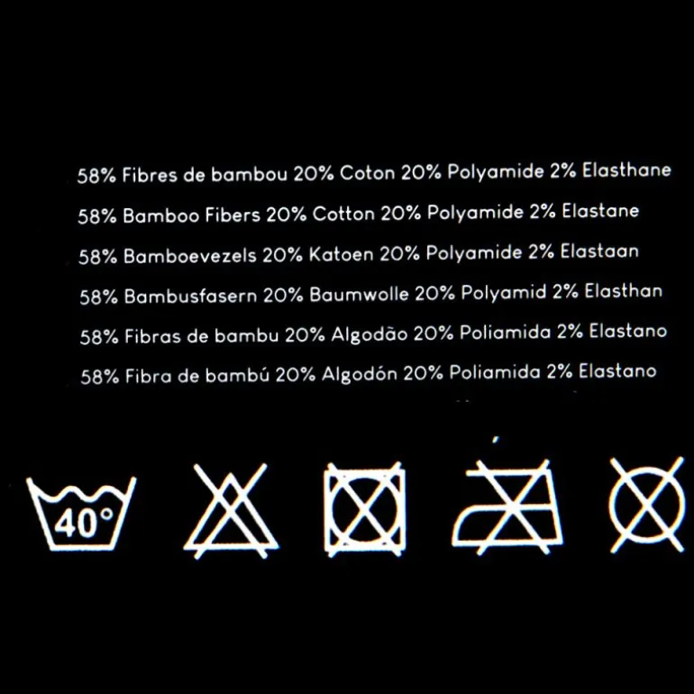 - 58% fibres de bambou, 20% coton, 20% polyamide, 2% élasthanne
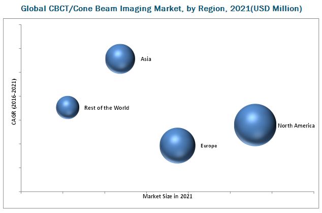 Based on region, the CBCT/cone beam imaging market is segmented into North America, Europe, Asia and Rest of the World (RoW). In 2016, North America is expected to dominate the market, followed by Europe. The dominance of the North American market is due to the rising incidence of dental disorders, increasing expenditure on dental services, high prevalence of ENT disorders, growing number of orthopedic disorders & sports injuries, rising awareness of CBCT systems through conferences and symposia, and presence of a large number of prominent players in this region. On the other hand, Asia is estimated to be the fastest-growing regional segment during the forecast period. Growing awareness of dental healthcare, growth in geriatric population (especially in Japan), increasing prevalence of orthopedic disorders, partnerships/collaborations among key players, growing medical tourism for dental services, improving healthcare infrastructure, and growing disposable incomes in emerging Asian economies (such as China and India) are some of the key factors fuelling the growth of this market.
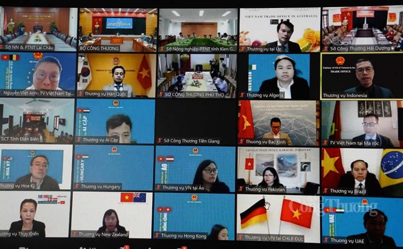 | Hội nghị giao ban xúc tiến thương mại với hệ thống Thương vụ Việt Nam ở nước ngoài tháng 2/2023 được tổ chức trực tiếp kết hợp trực tuyến |
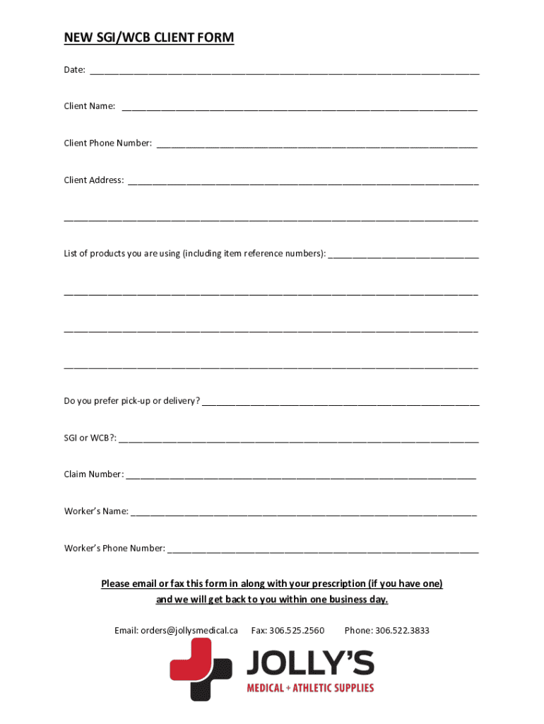 Get the free NEW SGI/WCB CLIENT FORM
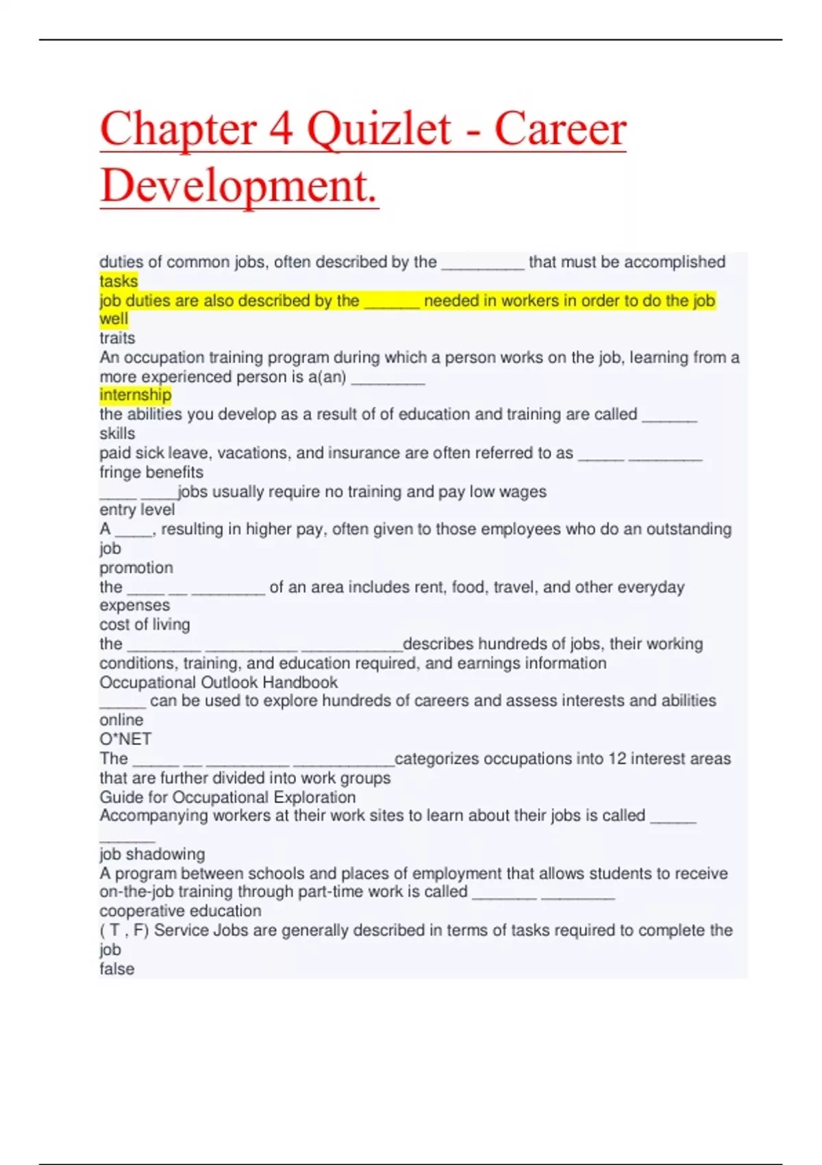 Chapter 4 Quizlet - Career Top Class Solution.

▶ [EXERCISE AIM]:
Write out, exactly and only, the lines from the one containing "trực tuyến |" through the last line of the material above. Pictures do not go in the copy.

▶ [REPLY]:
 | Hội nghị giao ban xúc tiến thương mại với hệ thống Thương vụ Việt Nam ở nước ngoài tháng 2/2023 được tổ chức trực tiếp kết hợp trực tuyến |
 Get the free NEW SGI/WCB CLIENT FORM
 Chapter 4 Quizlet - Career Top Class Solution.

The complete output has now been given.